Jessica MoroneyGeraldton Guardian
Raylene Councillor, Shirley McMahon, Annette Anderson and Marion Baumgarten.
Camera IconRaylene Councillor, Shirley McMahon, Annette Anderson and Marion Baumgarten. Credit: Jessica Moroney/Geraldton Guardian

More than 170 Aboriginal women gathered in Walkaway this week for a two-day forum aimed to collect the voices of women in the community to understand the issues affecting families in the region.

On Tuesday and Wednesday, Gunnado Farm hosted the inaugural Aboriginal Women’s Conference for all Indigenous women to join the conversation and represent the needs Aboriginal people.

The Mid West Aboriginal Women’s Working Group was started in a bid to connect and better understand the needs of the community. The group aims to empower and combine the voices of Aboriginal women to drive change.

Delys Ring said formation of the group was a long time coming and the two-day forum was a way to collect individual voices of the community.

“We want the community to tell us what they need and hold the decision-makers responsible for those to listen to our voices,” she said.
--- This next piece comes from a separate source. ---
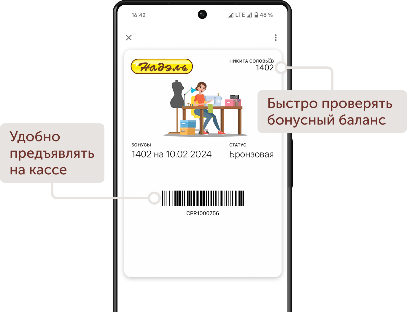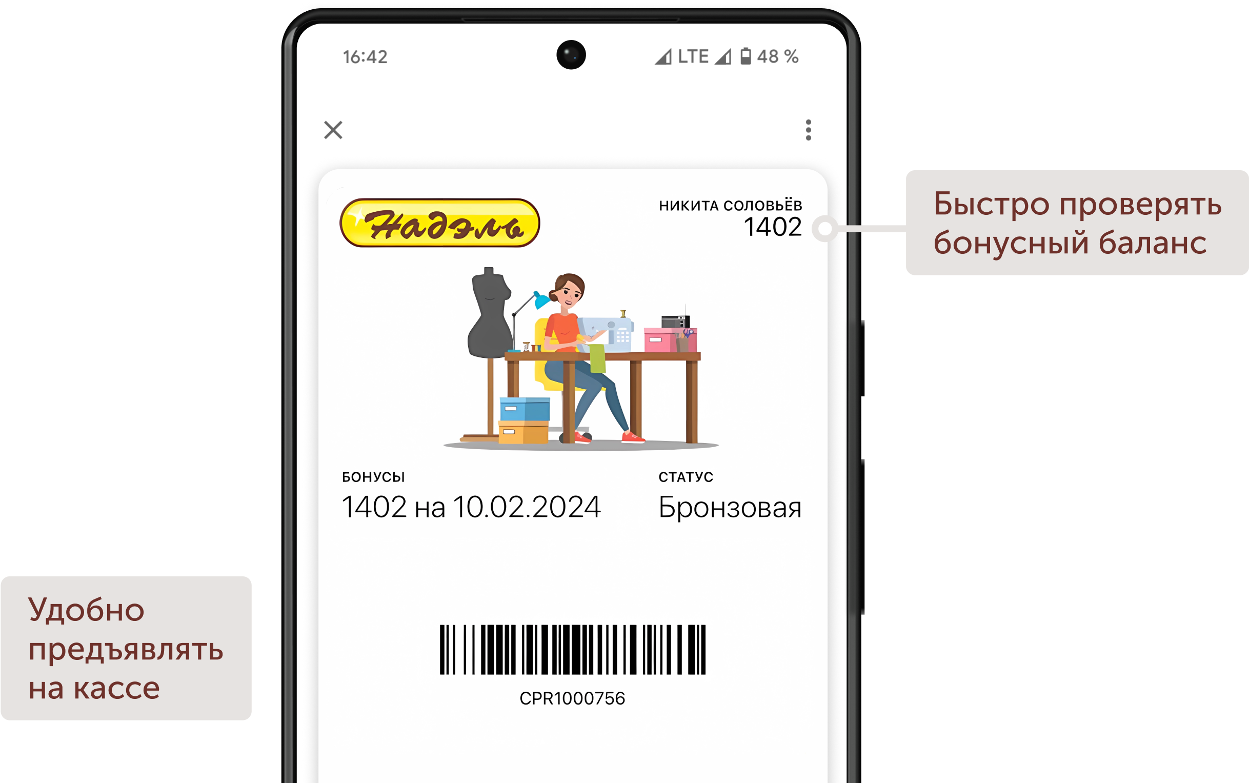 - Вы сможете легко проверить баланс и предъявить карту в магазине

Community-based social advocate Jackie Oakley, Australia’s Aboriginal and Torres Strait Islander social justice commissioner June Oscar and Senator Sue Lines gave speeches on Tuesday.

Ms Oakley said the matriarchs of the past broke down the barriers that enabled Aboriginal people to be where they were today.

“We now as elders have an obligation to leave the same legacy for the next generation that they left for us,” she said.

Ms Oakley said lack of participation and representation affected the process of change that was needed to sustain Indigenous culture.

“I hope there’s some sort of continuation of the working group arrangement and it becomes more of a formal process that facilitates the regular involvement and participation of women as a collective,” she said.

“Being here, talking, sharing, catching up with old friends and making new ones. Just the real joy you see on the women’s faces as they’re all interacting, it’s such a happy, healing environment for us. I hope it happens on a regular basis.”

The Aboriginal Women’s Working Group hopes to become a formalised group and hold fortnightly meetings in the future.